● Information provided
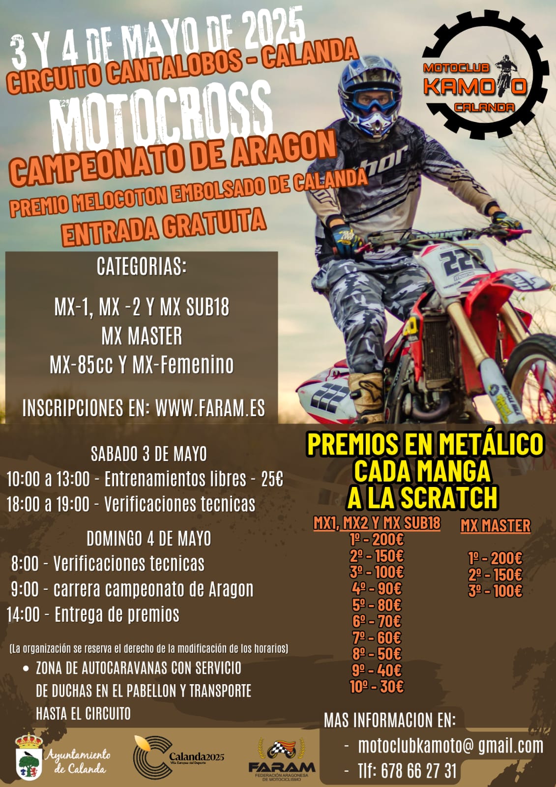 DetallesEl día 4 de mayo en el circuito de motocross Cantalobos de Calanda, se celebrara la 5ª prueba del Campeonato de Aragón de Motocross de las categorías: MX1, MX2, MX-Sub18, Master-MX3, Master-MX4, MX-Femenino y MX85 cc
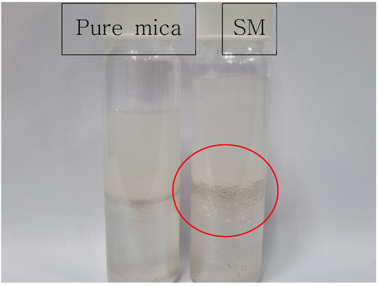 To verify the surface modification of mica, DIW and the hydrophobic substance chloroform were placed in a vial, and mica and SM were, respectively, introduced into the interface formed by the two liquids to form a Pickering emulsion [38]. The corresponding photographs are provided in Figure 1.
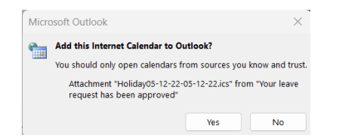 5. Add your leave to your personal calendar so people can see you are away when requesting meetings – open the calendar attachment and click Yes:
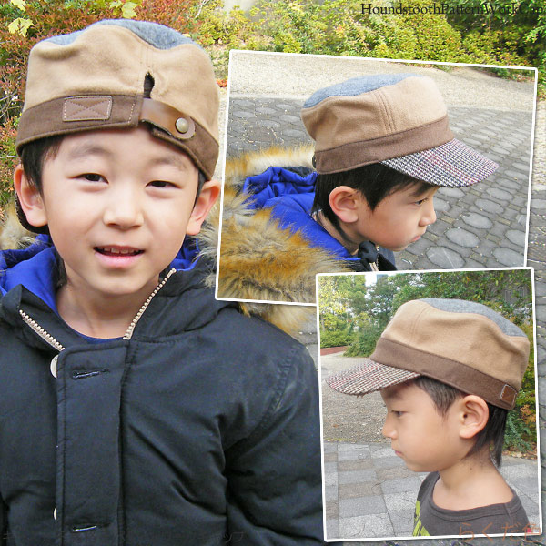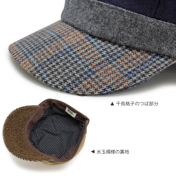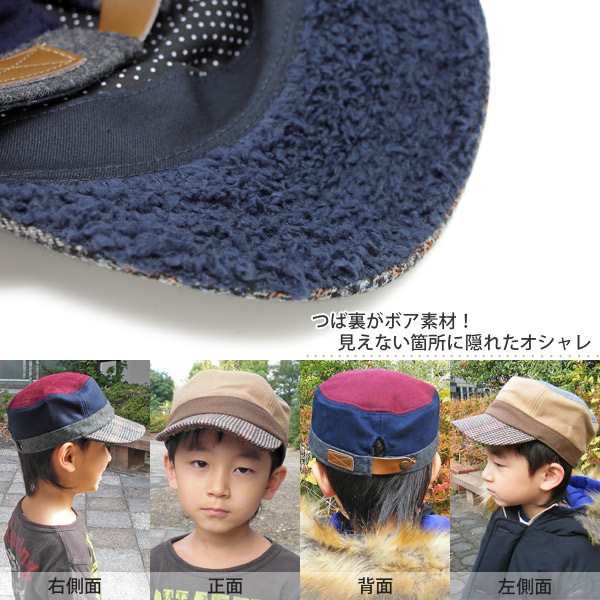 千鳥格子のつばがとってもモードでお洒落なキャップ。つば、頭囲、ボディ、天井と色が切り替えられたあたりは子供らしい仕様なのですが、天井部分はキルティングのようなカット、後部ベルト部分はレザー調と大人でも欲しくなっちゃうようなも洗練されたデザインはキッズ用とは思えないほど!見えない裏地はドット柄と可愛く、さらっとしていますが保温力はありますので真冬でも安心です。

● What the task asks
The data above must be given back verbatim, minus its images.

● Exercise solution
 DetallesEl día 4 de mayo en el circuito de motocross Cantalobos de Calanda, se celebrara la 5ª prueba del Campeonato de Aragón de Motocross de las categorías: MX1, MX2, MX-Sub18, Master-MX3, Master-MX4, MX-Femenino y MX85 cc
 To verify the surface modification of mica, DIW and the hydrophobic substance chloroform were placed in a vial, and mica and SM were, respectively, introduced into the interface formed by the two liquids to form a Pickering emulsion [38]. The corresponding photographs are provided in Figure 1.
 5. Add your leave to your personal calendar so people can see you are away when requesting meetings – open the calendar attachment and click Yes:
 千鳥格子のつばがとってもモードでお洒落なキャップ。つば、頭囲、ボディ、天井と色が切り替えられたあたりは子供らしい仕様なのですが、天井部分はキルティングのようなカット、後部ベルト部分はレザー調と大人でも欲しくなっちゃうようなも洗練されたデザインはキッズ用とは思えないほど!見えない裏地はドット柄と可愛く、さらっとしていますが保温力はありますので真冬でも安心です。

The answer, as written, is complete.